Comment by rui fonseca — April 1, 2008 @ 8:53 am
“O defeito desta proposta é que se corre o risco de se subsidiar empresas especializadas em mão-de-obra barata. Uma solução equilibrada passaria pela existência de um salário mínimo bastante moderado contrabalançado com um subsídio aos salários mais baixos, minimizando-se os efeitos perversos associados a cada uma das soluções.”
Acho que a melhor solução para esse problema era subsidiar, não os baixos salários, mas as pessoas que recebem baixos salários, i.e., pagar um subsidio a todas as pessoas que ganhem menos que X, independentemente de estarem empregados, trabalharem por conta própria ou estarem desempregados (o ideal talvez fosse mesmo um subsidio lump-sump para toda a gente, mas isso implicaria impostos altos).
Alguns dirão que isto poderia ser um subsidio à ociosidade (já que algumas pessoas iriam optar por viver do subsidio), mas a ociosidade não passa de um bem de consumo como outro qualquer.
Comment by Miguel Madeira — April 1, 2008 @ 10:08 am
Miguel, como sabes, desde o meu artigo sobre o imposto único e subsídio único, tendo a concordar com o que dizes, mas reconheço que me parece politicamente inexequível.

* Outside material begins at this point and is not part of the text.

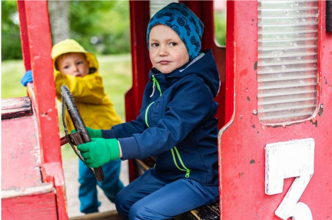
Kuva 26. Kaksi lasta leikkii ulkona isossa puuautossa. Toinen lapsi ohjaa ratista leikkiautoa ja toinen seisoo auton oviaukon vieressä.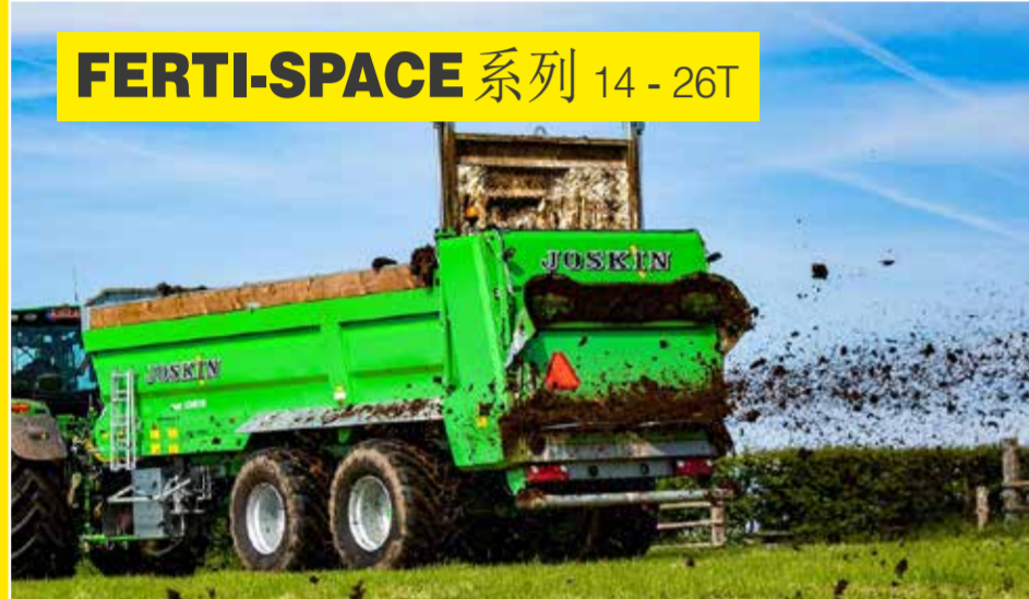
FERTI-SPACE 系列 14-26T

Rui, concordo com o interesse e relevância do que dizes, e nem sequer tinha pensado exactamente nesses termos. Mas tens razão, esse aspecto também é relevante.
Timshel, muito obrigado pelo comentário.
Comment by LA-C — April 1, 2008 @ 10:38 am
Já quanto a substituir o subsidio de desemprego por um subsidio ao emprego, em principio discordo (”em principio”, porque depende dos moldes concretos que ele viesse assumir):
à partida, um subsidio ao desemprego faz as pessoas trabalharem menos do que seria economicamente eficiente e um subsidio ao emprego faz trabalhar mais do que seria economicamente eficiente; assim, como ambos são causadores de inefeciências e o subsidio de desemprego, em principio, é melhor em termos de equidade, o subsidio de desemprego é globalmente preferivel.
Admito que há um contra-argumento empirico ao argumento teórico que expus acima: o meu emprego actual surgiu na sequência de um estágio profissional do IEFP,ou seja, uma espécie de emprego subsidiado; mas não sei se esse argumento será muito relevante (possivelmente a subsidiação que eu recebi apenas fez com que no meu emprego actual esteja eu em vez de outra pessoa qualquer, sem efeitos sobre o bem-estar geral)
Comment by Miguel Madeira — April 1, 2008 @ 4:45 pm
“à partida, um subsidio ao desemprego faz as pessoas trabalharem menos do que seria economicamente eficiente”
Não necessariamente. Imagina que cais no desemprego. Um subsídio de desemprego adequado dá-te a segurança necessária para procurares um emprego adequado às tuas competências, no qual as tuas capacidades sejam bem aproveitadas. Sem esta rede de segurança serias obrigado a aceitar o primeiro emprego que te aperecesse à frente e, possivelmente, ficarias sem tempo para encontrares o trabalho adequado. Neste sentido o subsídio de desemprego beneficia tanto o desempregado como a sociedade. Ou seja, não é nenhuma esmola (no sentido pejorativo da palavra).